Stored items:
────────────────────

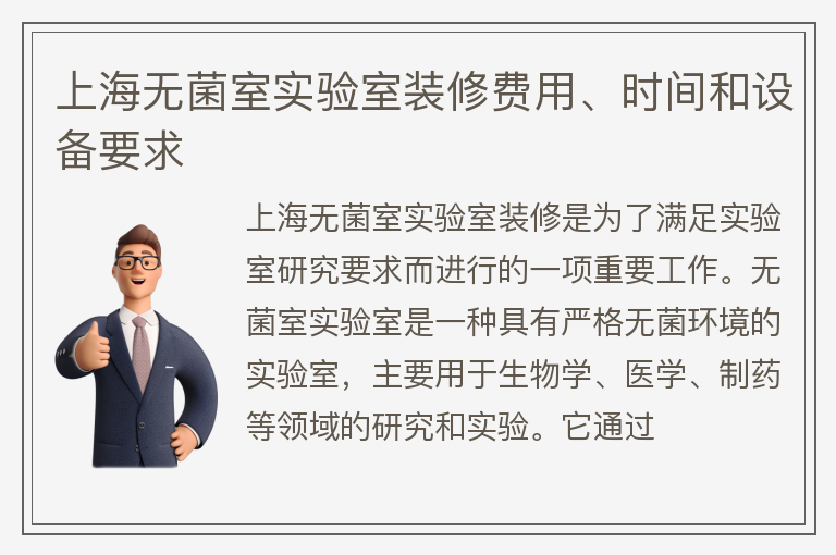 上海实验室建设环境的要求、条件和具体要求是什么?
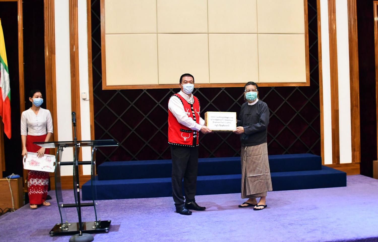 ဆက်လက်၍အထူးဒေသ() ကိုယ်စားလှယ် ဦးအိုက်စံရွှေက  ကိုဗစ်-၁၉ ရောဂါကာကွယ်ထိန်းချုပ်ရေးတွင် အသုံးပြုရန်အတွက် လှူဒါန်းငွေ ကျပ်သိန်း (၂၀၀၀) ကို ပေးအပ်လှူဒါန်းရာ ငြိမ်းချမ်းရေးကော်မရှင် ဥက္ကဋ္ဌ ဒေါက်တာတင်မျိုးဝင်းက လက်ခံရ ယူပြီး ဂုဏ်ပြုမှတ်တမ်းလွှာ ပြန်လည်ပေးအပ်သည်။
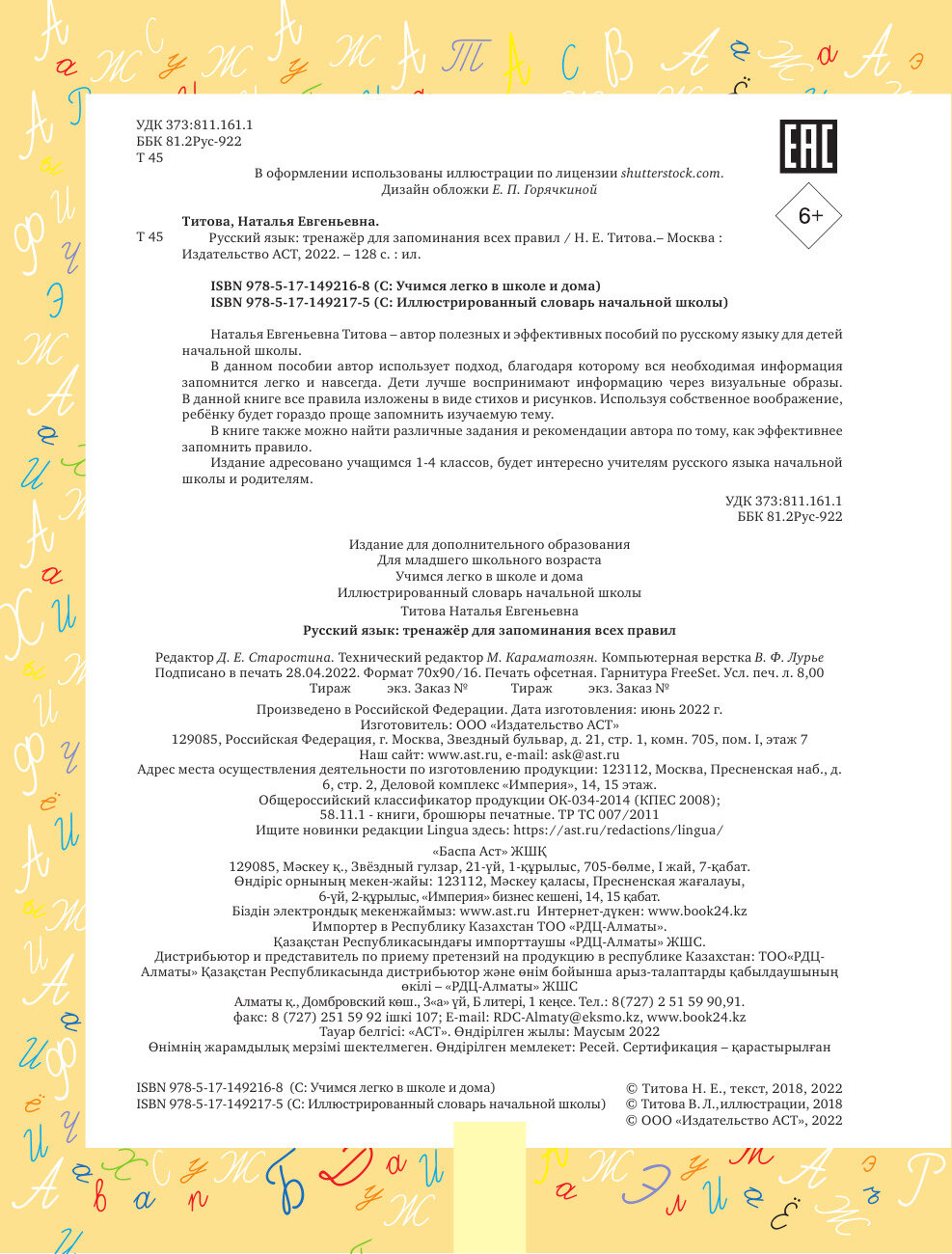 Русский язык: тренажёр для запоминания всех правил (Титова Наталья Евгеньевна); ИЗДАТЕЛЬСТВО "АСТ", 2022
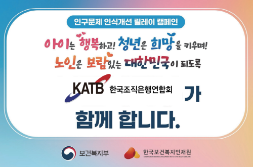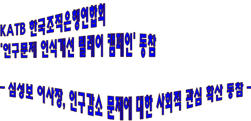 제목 | KATB 한국조직은행연합회, '인구문제 인식개선 릴레이 캠페인' 동참 | ||
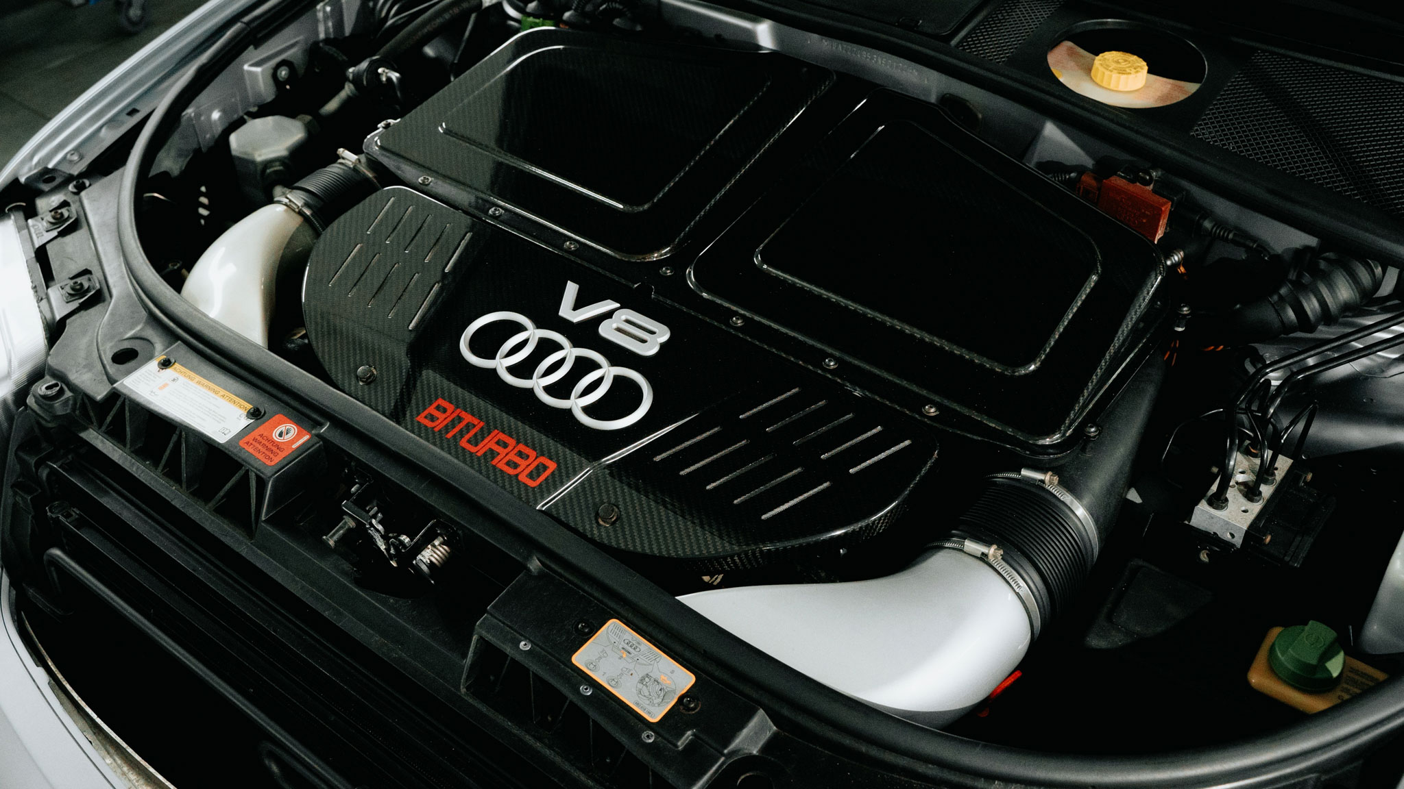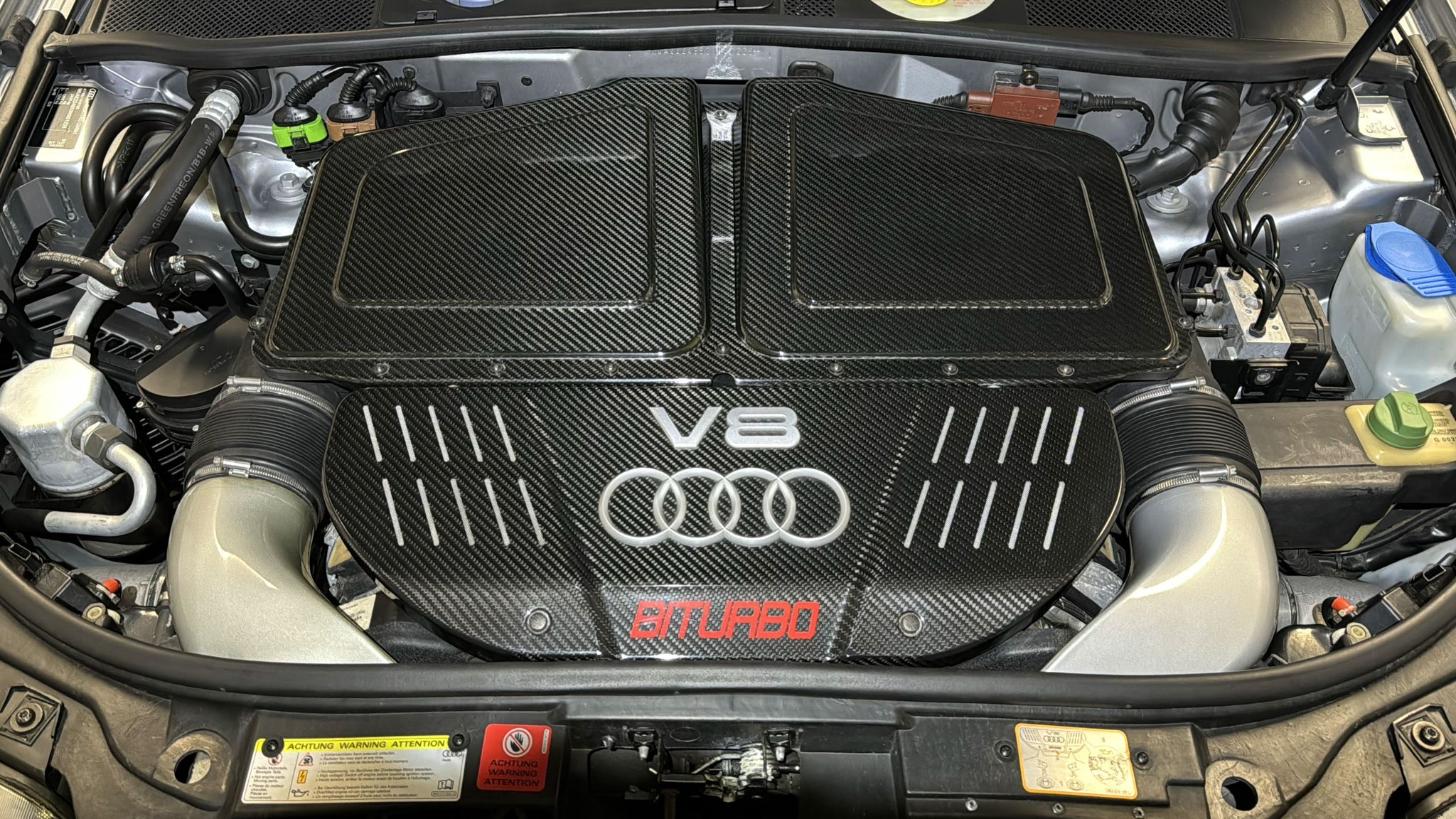 Silnik: 4.2 V8 biturbo (450 KM), oryginalny, bez ingerencji tuningowej. Skrzynia: 5-biegowa automatyczna Tiptronic. Napęd: quattro. Sportowy, fabryczny układ wydechowy ze stali nierdzewnej. Kompleksowa renowacja zawieszenia (rozebranie, weryfikacja, oksydowanie śrub). Odnowiony układ hamulcowy z zastosowaniem oryginalnych okładzin Audi. Geometria ustawiona w stacji kontroli pojazdów (2024-01-27). Diagnostyka komputerowa z dnia 2024-02 – brak błędów.
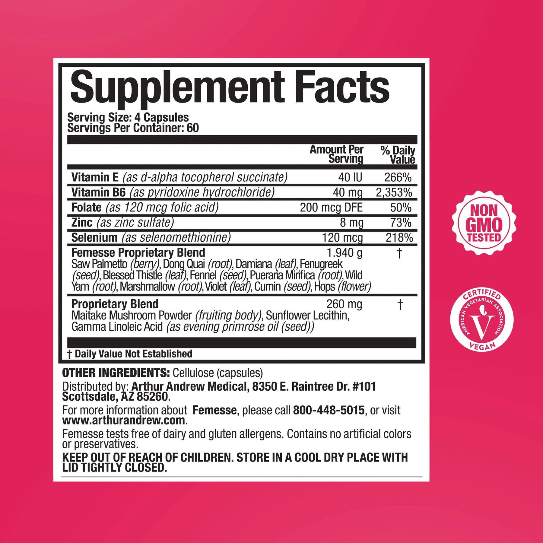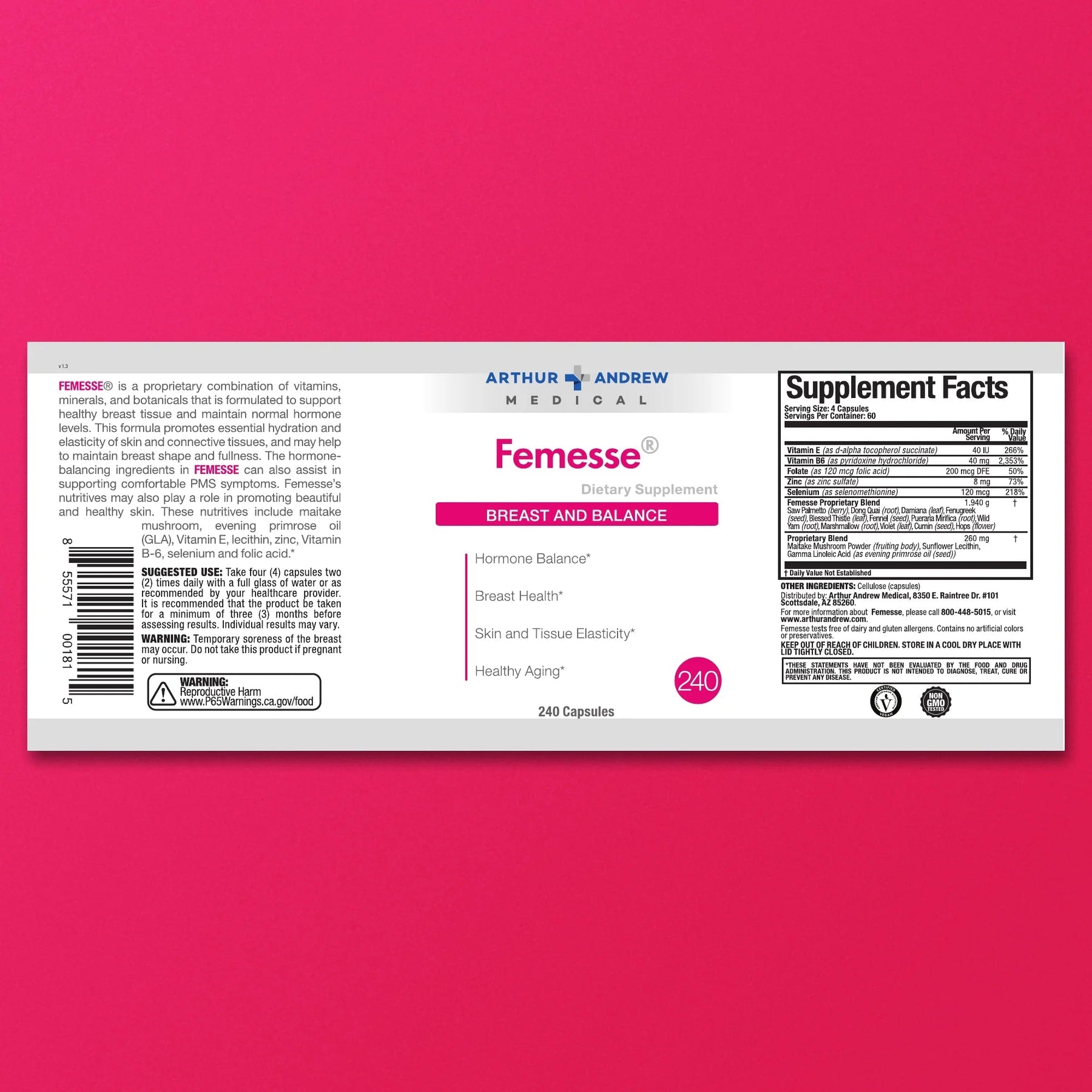 Femesse from Arthur Andrew Medical is a comprehensive blend of natural ingredients designed to support hormonal balance and overall well-being for women. This expertly formulated supplement helps to alleviate common symptoms associated with PMS, menopause, and other hormonal fluctuations, promoting a more comfortable and balanced life.
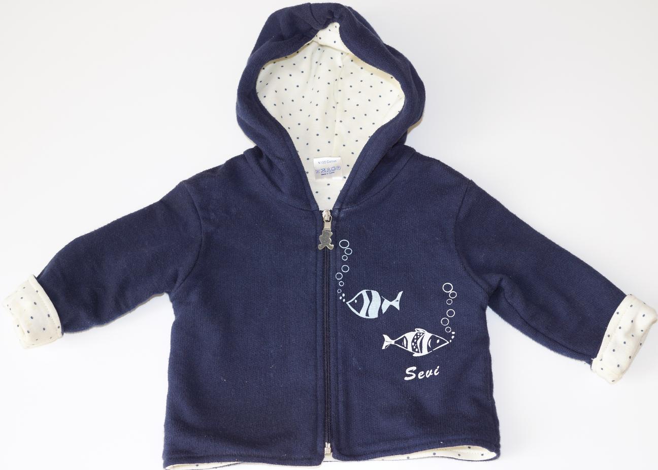 4. Кофточка, унисекс, Севи Беби - на 6 мес. Застежка на молнию, удобный капюшон, одевается и как курточка, и под комбез. 200 руб.
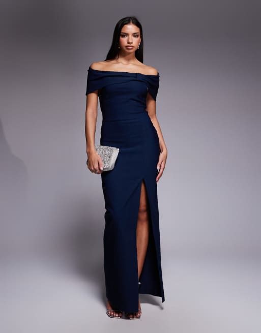 Vesper - Robe longue cintrée à la taille en bengaline avec encolure Bardot large et fente latérale - Bleu marine
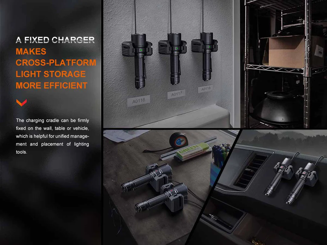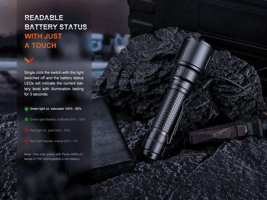 Fenix’s upgrade to the RC20 Flashlight, the WF26R is the perfect flashlight for those that need at-the-ready performance. Featuring its own charging cradle to store the light on, this flashlight’s battery is always at 100%—ready to blast a maximum 3000 lumens. Six lighting modes are operated by the dual tail switches. A battery level indicator lets you always know the battery’s available charge. The charging dock’s cable can be removed so you can charge the flashlight independent of the cradle if needed. IP68 rated waterproof and dustproof make this flashlight with charging dock a durable workhorse that is always ready for any task.
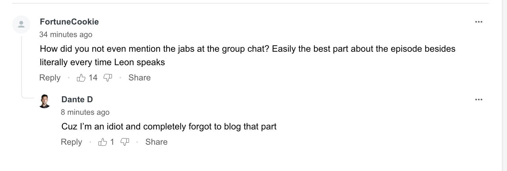 So we're getting two blogs in what should have been one. My bad, but at the same time, I feel like this is such an important topic that it kind of deserves its own blog and if I had included it in the original it would have completely taken away from the hilariousness of the episode.
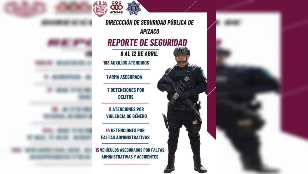 DebatePúblico.- Te compartimos los resultados de las acciones de seguridad realizadas durante la semana del 6 al 12 de abril, como parte de nuestro compromiso permanente y responsabilidad para proteger a la ciudadanía apizaquense.
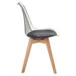 Nádherná kombinace plastu, ekokůže a dřeva. Pevné dřevěné nohy v odstínu buk jsou efektně propojeny s pohodlným plastovým sedátkem, který navazuje na pohodlné plastové opěradlo. Abyste se při sezení cítili maximálně komfortně, sedací část čalouněná ekokůží je vyplněna vložkou, čímž je zajištěno extra měkké sezení.

────────────────────

### WHAT YOU WILL DO
Write down exactly what the lines above say, from the line holding "제목 | KATB 한국조직은행연합회, '인구문제" through the line holding "Silnik: 4.2 V8", and nothing more. Do not copy the pictures.

### RESPONSE TO THE TASK
 제목 | KATB 한국조직은행연합회, '인구문제 인식개선 릴레이 캠페인' 동참 | ||
 Silnik: 4.2 V8 biturbo (450 KM), oryginalny, bez ingerencji tuningowej. Skrzynia: 5-biegowa automatyczna Tiptronic. Napęd: quattro. Sportowy, fabryczny układ wydechowy ze stali nierdzewnej. Kompleksowa renowacja zawieszenia (rozebranie, weryfikacja, oksydowanie śrub). Odnowiony układ hamulcowy z zastosowaniem oryginalnych okładzin Audi. Geometria ustawiona w stacji kontroli pojazdów (2024-01-27). Diagnostyka komputerowa z dnia 2024-02 – brak błędów.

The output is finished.